Novalee and Forney drive around town, speaking to police officers and neighbors in the middle of the night in hopes of finding Americus. Unfortunately, there is no news. While driving through downtown a second time, several police cars pass them with sirens blaring. Forney follows and they discover that the couple who kidnapped Americus were pulled over on the highway and admitted to leaving Americus in the nativity scene at the Risen Life Church.
Willy Jack has been released from prison and arrives in Nashville, Tennessee. He visits music representatives and record labels, hoping to jumpstart his career, but has no luck until he meets Ruth Meyers. After Willy Jack plays ”The Beat of the Heart” for Ruth Meyers, she signs him on, renames him Billy Shadow, and makes over his appearance.

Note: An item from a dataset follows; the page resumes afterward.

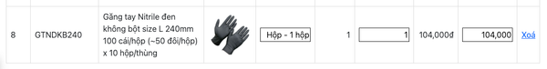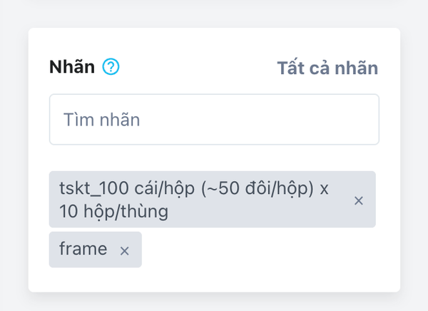 Ví dụ sản phẩm Găng tay Nitrile đen không bột size L 240mm, anh chị muốn gắn thêm thông số "100 cái/hộp (~50 đôi/hộp) x 10 hộp/thùng", anh chị sẽ gắn tag như sau: tskt_100 cái/hộp (~50 đôi/hộp) x 10 hộp/thùng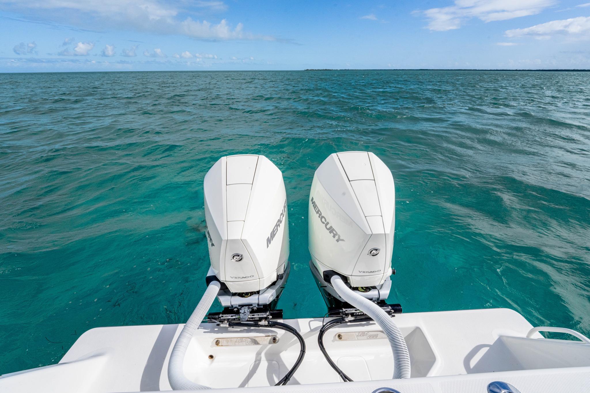 Mercury Verado twin 300 HP V8 AMS Warm Fusion White with 247 hours.

Novalee falls into a bad habit when she begins dating Troy Moffat. It is clear that Novalee was not picky about the men in her life or careful with birth control when she lived in Tennessee. She never had the unconditional love of her parents, so she looks for it in other places. After losing Willy Jack, she looks for love in Troy Moffat, but she has grown enough to realizes she is setting herself up for trouble when she has unprotected sex with him. On the night her period comes, she realizes just how much she has changed because she has expanded her understanding of the world through the books Forney supplied to her. During her ordeal of waiting for proof she was not pregnant again, she found herself thinking of similar stories in the books she has read, allowing her to see herself as a part of a larger world.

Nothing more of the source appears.